- _PROBLEM TO SOLVE_
Retype the opening lines of the listing below, ending with the line that contains "10月30日讯 在本轮联赛杯", and leave out any pictures.

- _INPUT DATA_
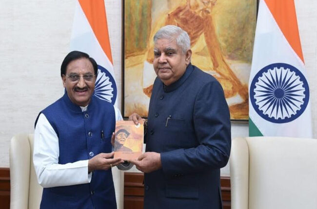 नयी दिल्ली। पूर्व केंद्रीय मंत्री डॉ रमेश पोखरियाल निशंक ने उपराष्ट्रपति भवन में उपराष्ट्रपति जगदीप सिंह धनखड़ से शिष्टाचार भेंट कर उन्हें अपनी पुस्तक “पेशावर के महानायक वीर चंद्र सिंह गढ़वाली” की प्रथम प्रति भेंट की।
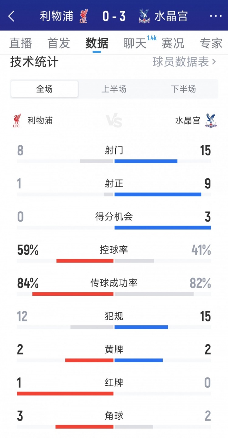 10月30日讯 在本轮联赛杯,利物浦0-3完败供水晶宫,以下为两边全场数据对比:
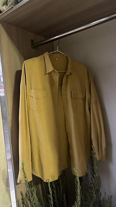 4) Рубашка женская (или подростковая) свободного кроя, горчичного цвета. Классический воротник, застёжка на пуговицы, два нагрудных кармана, длинные рукава на манжетах. Подходит как самостоятельный слой или как лёгкая накидка. 150

- _RESPONSE BELOW_
 नयी दिल्ली। पूर्व केंद्रीय मंत्री डॉ रमेश पोखरियाल निशंक ने उपराष्ट्रपति भवन में उपराष्ट्रपति जगदीप सिंह धनखड़ से शिष्टाचार भेंट कर उन्हें अपनी पुस्तक “पेशावर के महानायक वीर चंद्र सिंह गढ़वाली” की प्रथम प्रति भेंट की।
 10月30日讯 在本轮联赛杯,利物浦0-3完败供水晶宫,以下为两边全场数据对比:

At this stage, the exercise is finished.